Le train se secoua au même instant et finit par s'arrêter à la gare des Chantiers dans un râle de machine fatiguée. Le maréchal Niel saisit sa serviette de cuir et descendit du train, suivi des trois élèves-officiers à distance respectueuse. Louis Chastelain de Verly semblait sur le point de sauter sur le personnage hiératique, mais il se contint et descendit du train à sa suite, écarlate de rage. Il se retourna pour attraper le sac que lui lançait l'un de ses camarades et entendit le chef de gare arriver de son pas pressé.

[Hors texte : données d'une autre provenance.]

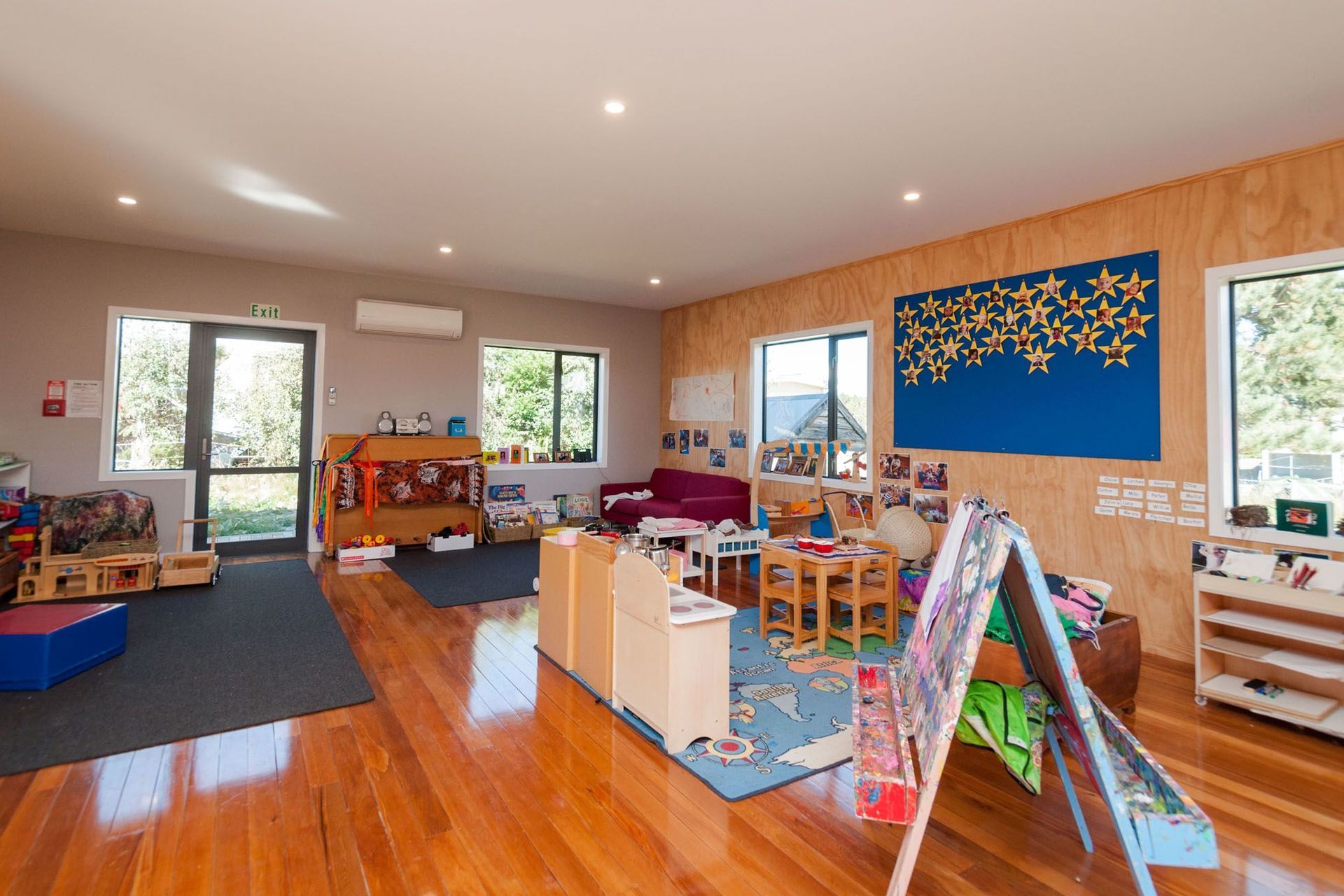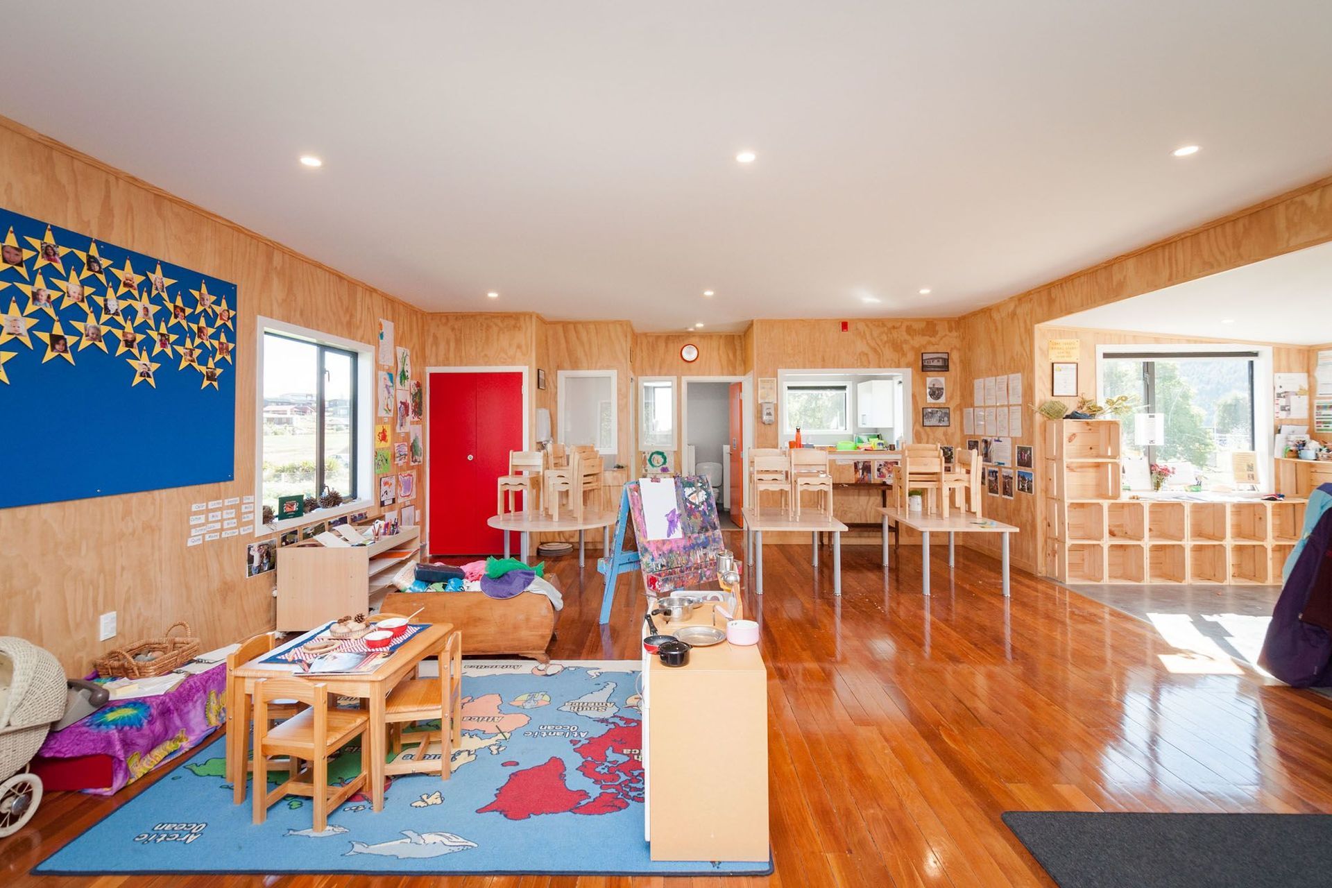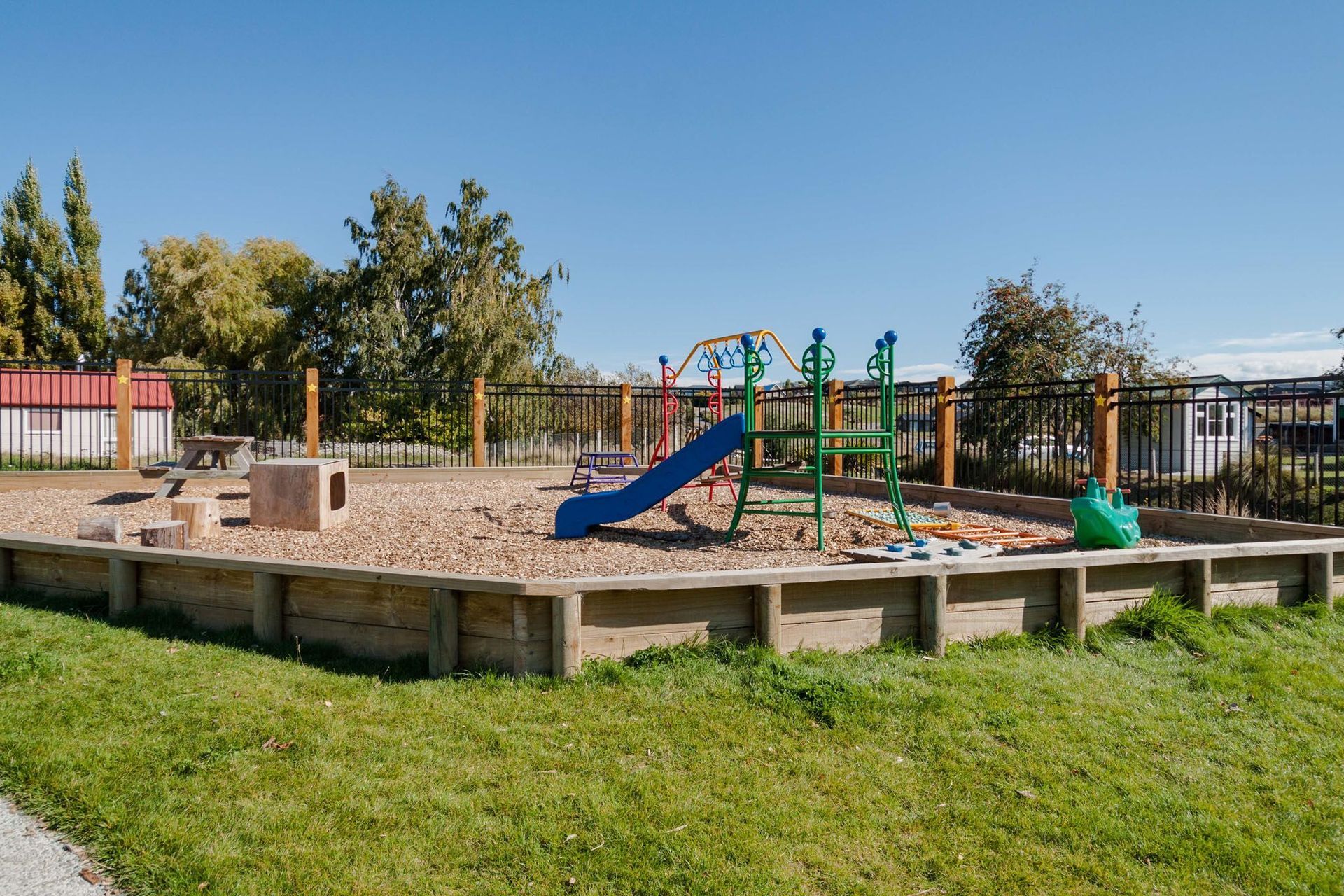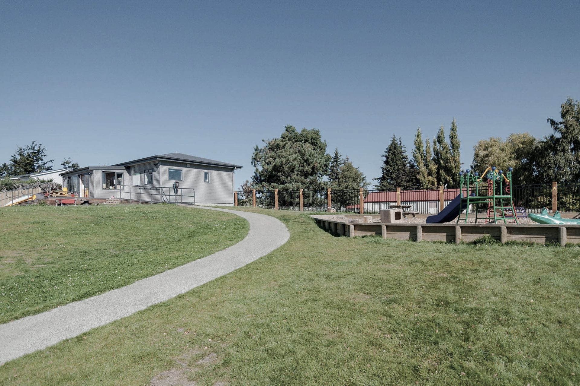 ArchiPro Project Summary - The Tekapo Kindergarten project harmonizes nature and education, featuring expansive lawns and outdoor play equipment in a vibrant public space.
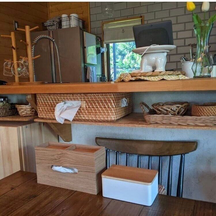 こちらの木製のティッシュケースはダイソーの商品です。330円とは思えないおしゃれさと、上に小物が置ける機能性で大人気の商品です。
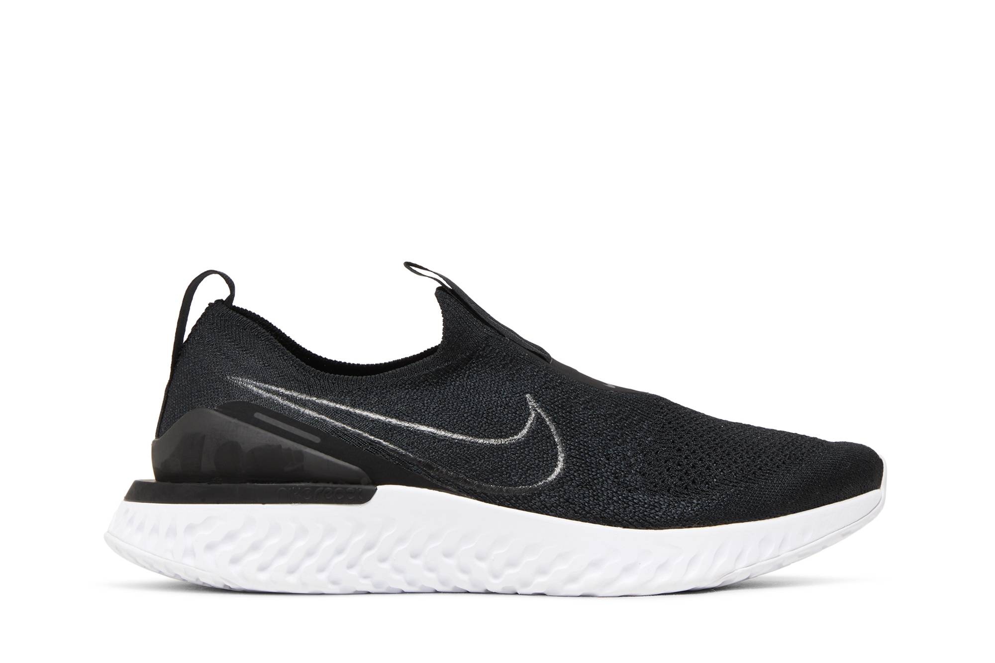 The Nike Epic Phantom React Flyknit 'Black' was released in May 2019 with a stealthy colorway defining its extra-lightweight construction. Created for toughness without sacrificing range of motion, the upper is made of stretchy Flyknit fabric integrated with engineered yarn on the sides for natural motion and lateral stability. A molded heel cage builds on the support motif, and React foam with a pressure-mapped outsole creates a responsive ride. UPPER MATERIAL Flyknit
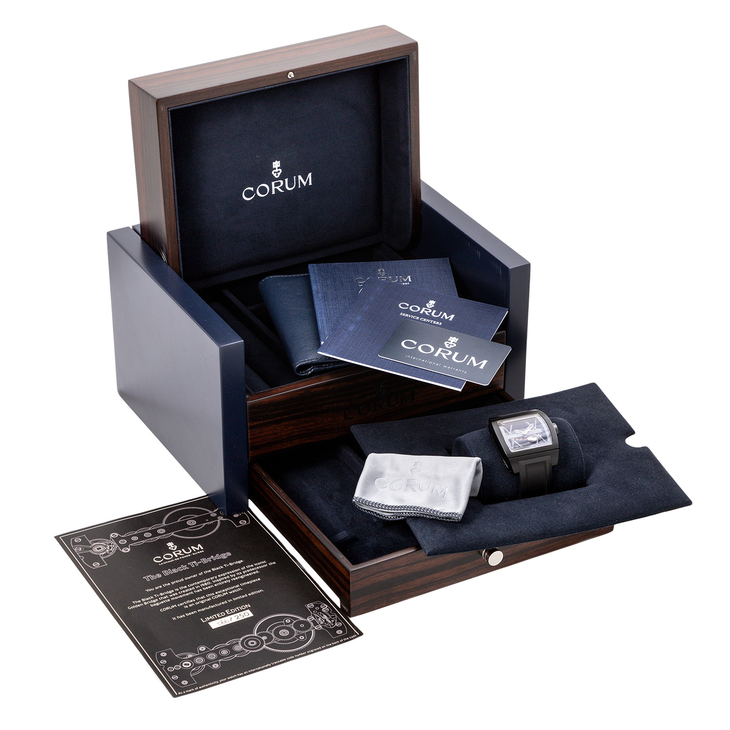 CORUM extravagante und limitierte 'Black Ti-Bidge' Herrenuhr, Ref. 05.0040. Full Set.
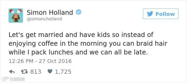 我们结婚吧!这样我们就可以每天早上照顾小孩而不是享用咖啡了,你帮她们编辫子,我帮她们打包午饭,然后咱们就可以一起迟到啦!
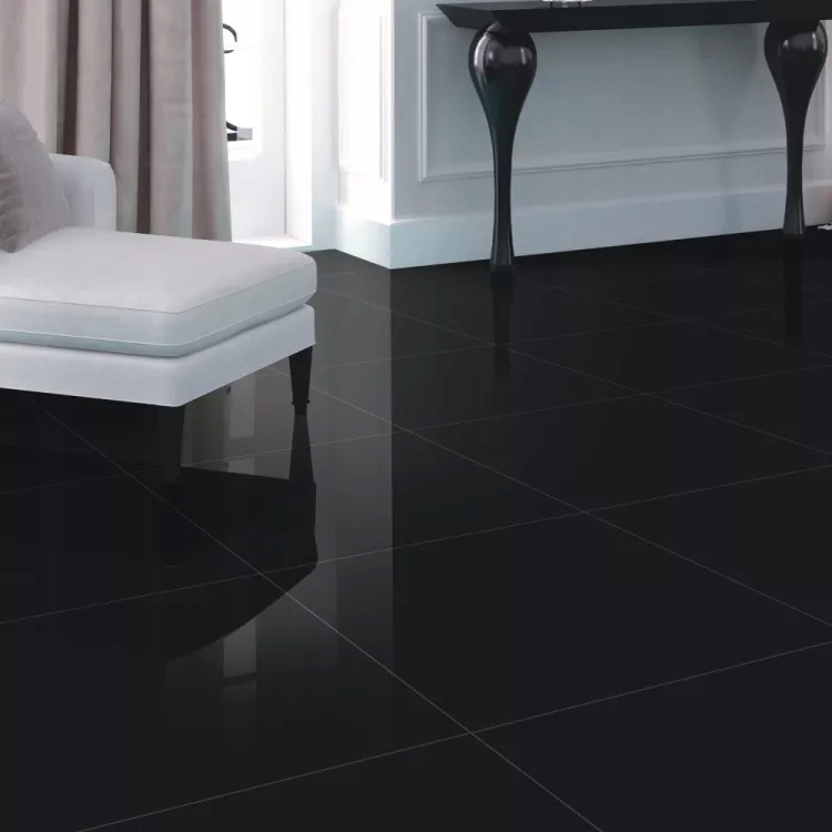 Універсальна підлогова плитка для ванної кімнати, чорний керамограніт, глянець, 60х60 см
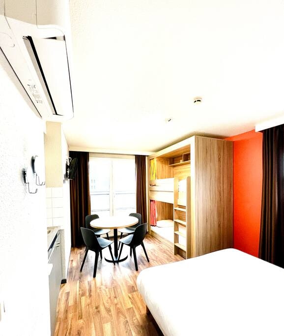 Everything is here! Comfort and practicality combined in a cozy, uniquely designed 15m² space. Whether solo or as a duo, unwind after a busy day of work or city exploration in a queen-size bed worthy of a 5-star hotel, as soft as grandma’s madeleines. A 49-inch TV and Chromecast are available in the room, along with full WiFi access. Enjoy a luxurious shower, eco-friendly products, and a cabinet of curiosities.
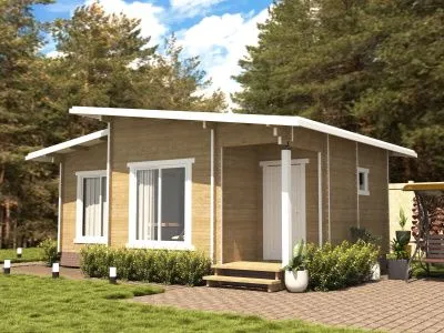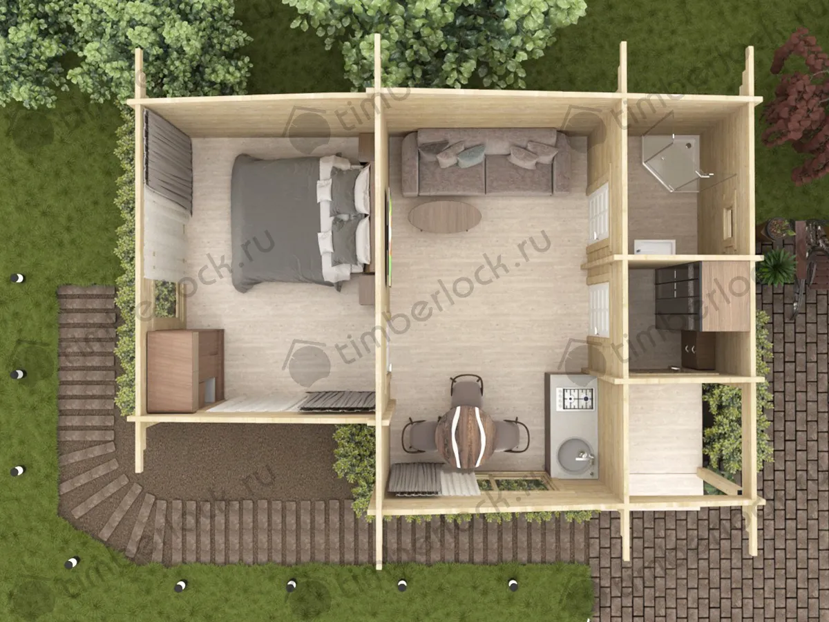 Дачный домик с террасой и двумя комнатами.
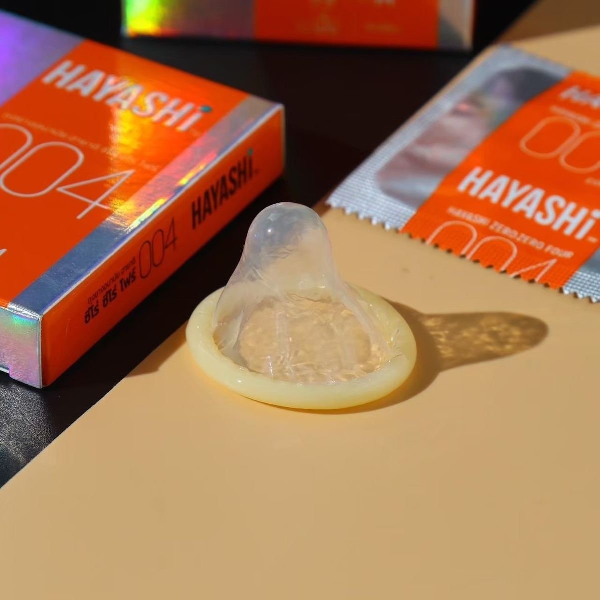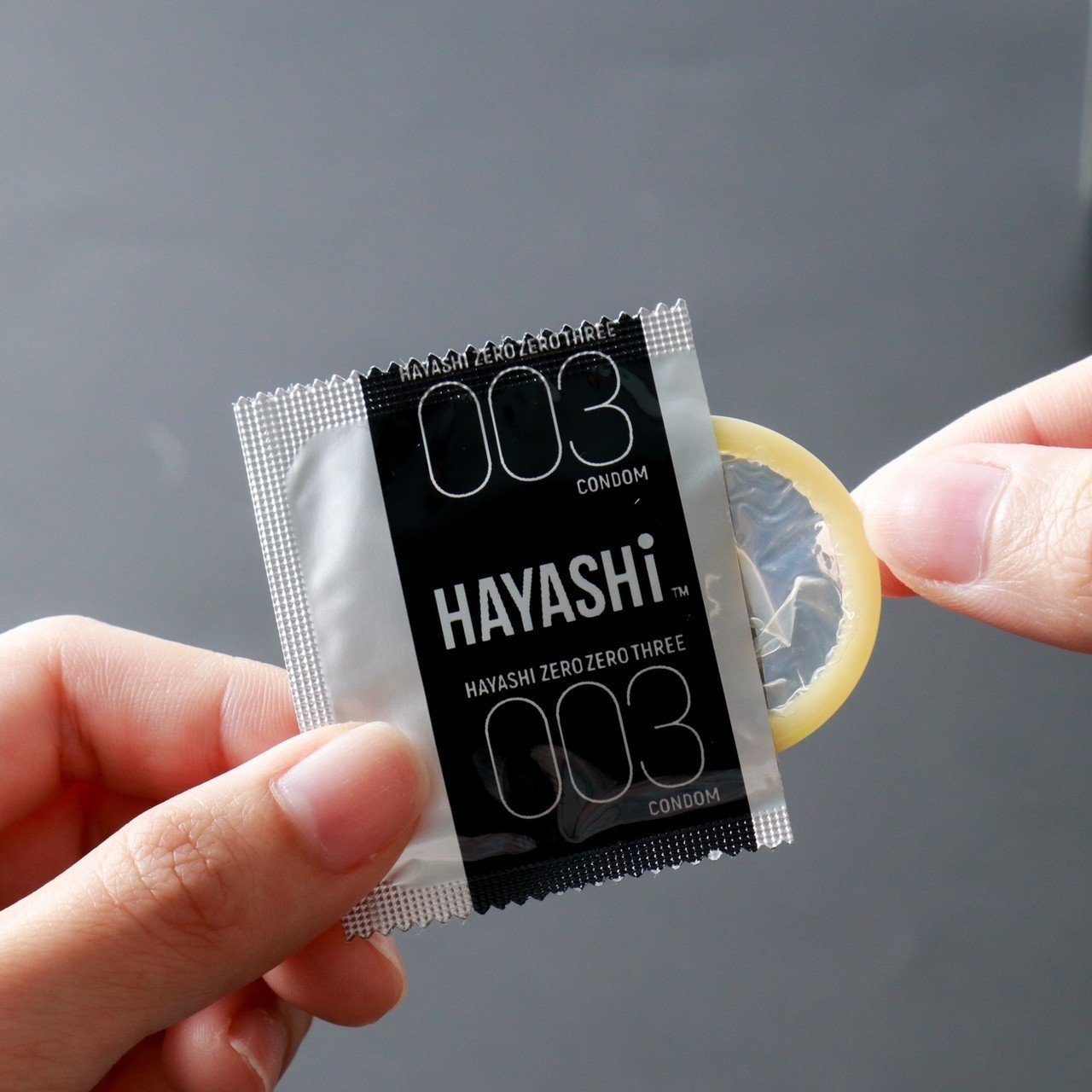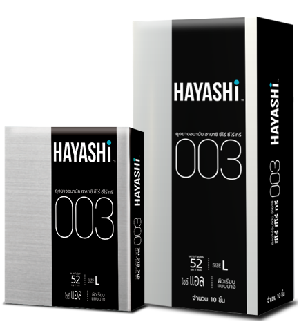 ฮายาชิ 003 มี 2 แบบให้เลือก กล่องเล็กบรรจุ 2 ชิ้น และ กล่องใหญ่บรรจุ 10 ชิ้น ที่มาในแพ็กเกจโทนสีดำ หรูหรา รุ่นนี้จะเหมาะกับขนาด 52 มม. ไซส์ L เนื้อสัมผัสเรียบ แบบบางเฉียบ บางเหมือนไม่ได้ใส่ ผิวสัมผัสนุ่มนวล พร้อมเจลหล่อลื่นในตัว ลดการเสียดสี ไม่ขาดง่าย ไม่มีกลิ่นยาง เพราะผลิตจากยางธรรมชาติ คุณภาพได้มาตรฐาน ปลอดภัย
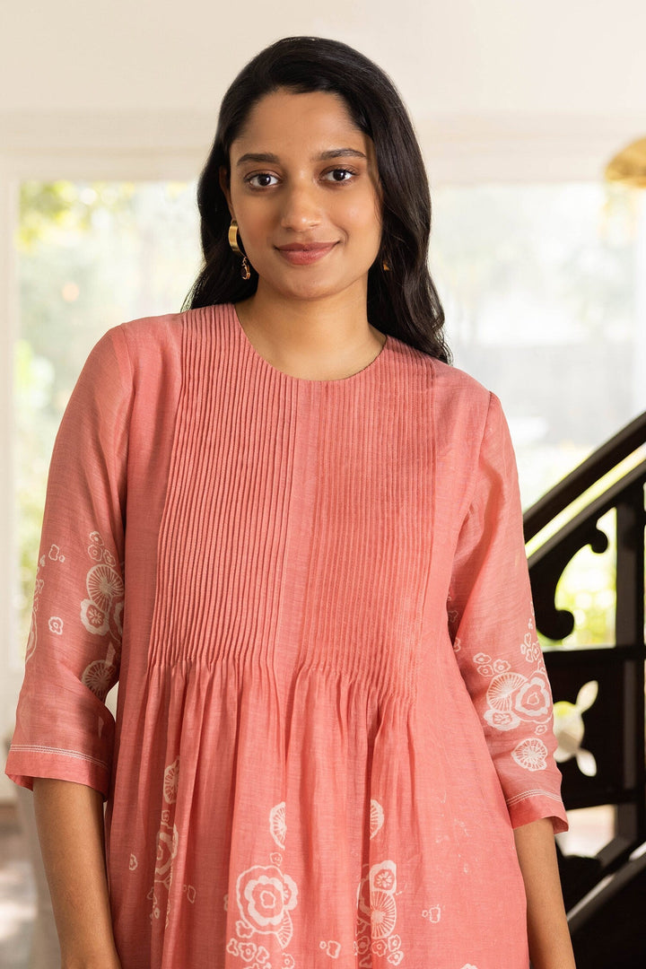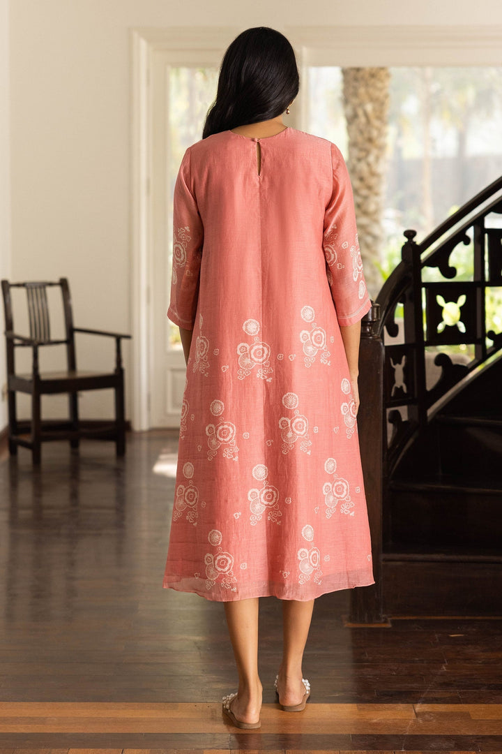 Pink Muslin Cotton Printed Thread Work Coral Pintucked Dress

Curieuse engeance que le chef d'une gare, qui semble toujours sur le qui-vive, prête à talonner les trains qui voudraient s'enfuir avant la minute réglementaire.
— Vous ferez remettre cette vitre à mes frais, déclara le maréchal Niel.
Il ne se retourna pas une seule fois et se dirigea vers la sortie rue de Buc où l'attendait un attelage et son aide de camp. Les cyrards regardèrent le chef de gare le suivre à petit pas respectueux et avisèrent un employé qui renseignait un voyageur.
— Eh l'ami, un mot. Qui est cet homme pour qui ton patron semble prêt à manger sa casquette ?
— Vous ne le connaissez pas ? s'étonna le cheminot. C'est votre ministre, le maréchal Niel.
Les futurs officiers se regardèrent, stupéfaits et horrifiés. L'ampleur du désastre commençait à les saisir.
— Chastelain de Verly, souffla l'un d'entre eux, tu es dans de beaux draps. Le ministre ne fera qu'une bouchée de toi dimanche prochain.
Louis ne répondit rien, enfin réduit au silence. Devant ses yeux défilaient les permissions que le général de Gondrecourt lui supprimerait.